Since you can't really have a dynamic number of columns returned, you could do something like this:
SELECT birthdate, lastname, GROUP_CONCAT(firstname SEPARATOR '|') AS firstnames
FROM Persons, PersonsLastNames, PersonsFirstNames
WHERE Persons.id = PersonsLastNames.id
AND Persons.id = PersonsFirstNames.id
GROUP BY Persons.id
This would return one row per person that has a last name, with the (unlimited) first names separated by a pipe (|) symbol, GROUP_CONCAT function.
birthdate lastname firstnames
--- --- ---
1970-01-01 00:00:00 Anderson Steven|David
1980-02-02 00:00:00 Smith Adam
1990-03-03 00:00:00 Taylor Ed
SQL does not support a dynamic number of columns in the query select-list. You have to define exactly as many columns as you want (notwithstanding the * wildcard).
I recommend that you fetch the multiple names as rows, not columns. Then write some application code to loop over the result set and do whatever you want to do for presenting them.

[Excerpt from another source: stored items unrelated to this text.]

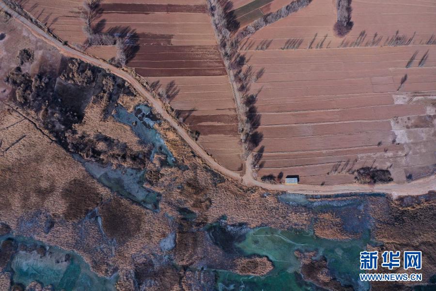 這是12月11日拍攝的千姿湖濕地公園景色(無人機(jī)照片)。新華社記者 吳剛 攝
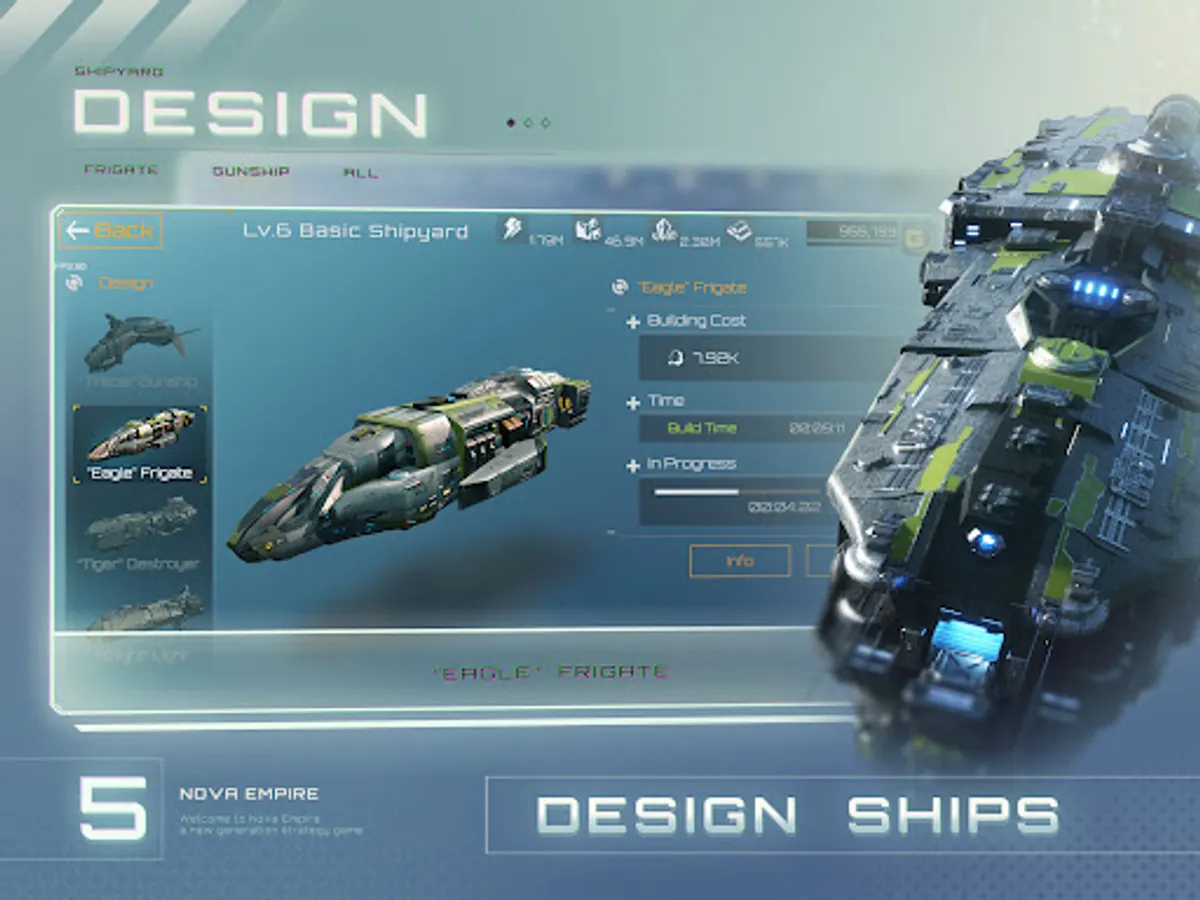 Build up a Space Empire and establish control of the Galaxy and the Universe! Nova Empire is a multiplayer space game in which the aim is to build your empire and conquer the galaxy in epic space battles against your rivals with other allies worldwide! To achieve domination of the galaxy, you will immerse yourself in action-packed space battles, define your space strategy, forge alliances among other players, and use a space base & spaceship builder to develop your space station and dominate the universe. Find out why this is one of the most thrilling and exciting sci fi spaceship games!
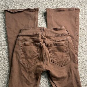 Chic brown flare jeans by Hollister. Perfect for casual wear. Comfortable and stylish.
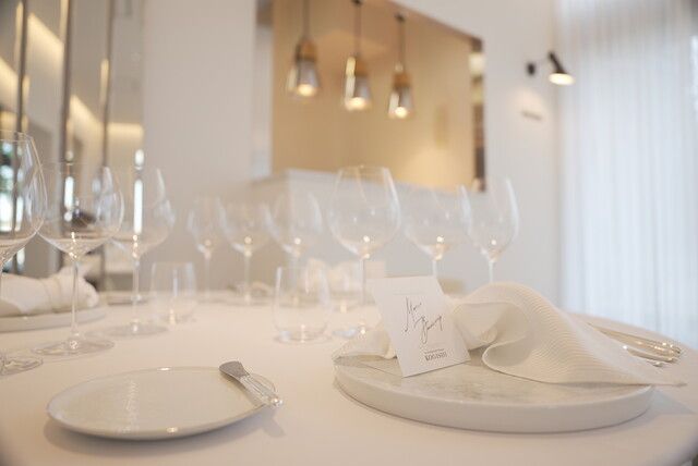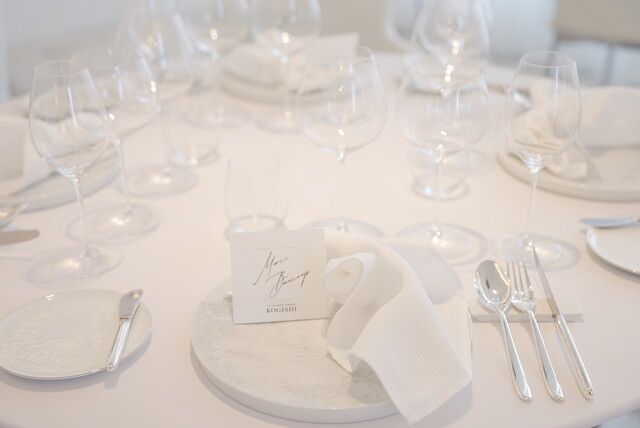 店内に足を踏み入れると、そこは白とグレーを基調としたモダンな空間。テーブル席と個室を用意し、福岡の食材を使ったランチやディナーを提供しています。メニューには肉や魚を使ったフレンチ、ディナーにはトリュフなどの高級食材を使ったメニューがございます。ドリンクには、緑茶などのソフトドリンク、フランス産や国産ワインなど種類が豊富にございますので、一緒にお楽しみください。
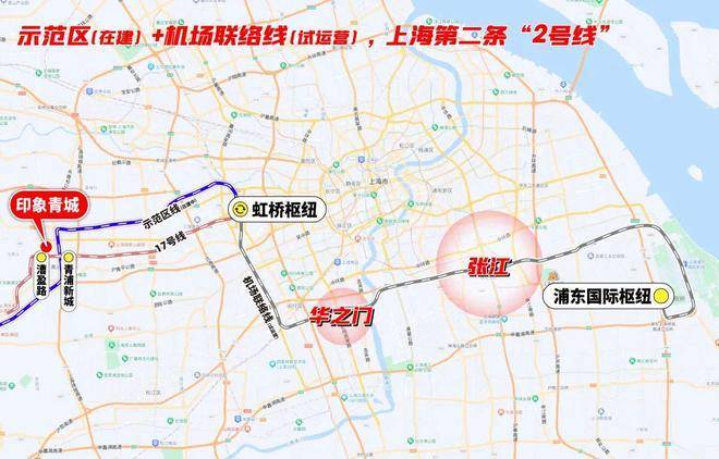 但这还不是全部,17号线+示范区线 左手长三角一体化、华为,右手前湾、大虹桥总部商办,并通过虹桥枢纽,串联2号线及正在试运营的机场联络线, 把市中心、徐汇、闵行、张江等高能板块都纳入印象青城的通勤版图。

The short answer is, you can't. You'll always have to pick a fixed number of columns. You can, however, greatly improve the syntax of your query by using the ON keyword. For example:
SELECT
birthdate,
firstName,
lastName
FROM
Persons
INNER JOIN PersonsLastNames
ON Persons.id = PersonsLastNames.id
INNER JOIN PersonsFirstNames
ON Persons.id = PersonsFirstNames.id
WHERE
lastName = 'Anderson'
GROUP BY
lastName, firstName
HAVING
count(lastName) = 1
Of course, my query includes a few extra provisions at the end so that only persons with only one last name specified would be grabbed, but you can always remove those.
Now, what you CAN do is choose a maximum number of these you'd like to retrieve and do something like this:
SELECT
birthdate,
lastName,
PersonsFirstNames.firstName,
IFNULL(p.firstName,''),
IFNULL(q.firstName,'')
FROM
Persons
INNER JOIN PersonsLastNames
ON Persons.id = PersonsLastNames.id
INNER JOIN PersonsFirstNames
ON Persons.id = PersonsFirstNames.id
LEFT JOIN PersonsFirstNames p
ON Persons.id = p.id
AND p.firstName <> PersonsFirstNames.firstName
LEFT JOIN PersonsFirstNames q
ON Persons.id = q.id
AND q.firstName <> PersonsFirstNames.firstName
AND q.firstName <> p.firstName
GROUP BY
lastName
But I really don't recommend that. The best bet is to retrieve multiple rows, and then iterate over them in whatever application you're using/developing.
Make sure you read up on your JOIN types (Left-vs-Inner), if you're not already familiar, before you start. Hope this helps.
EDIT: You also might want to consider, in that case, a slightly more complex GROUP BY clause, e.g.
GROUP BY
Persons.id, lastName
I think the closest thing you could do is to Group By Person.Id and then do string concatenation. Perhaps this post will help:
How to use GROUP BY to concatenate strings in MySQL?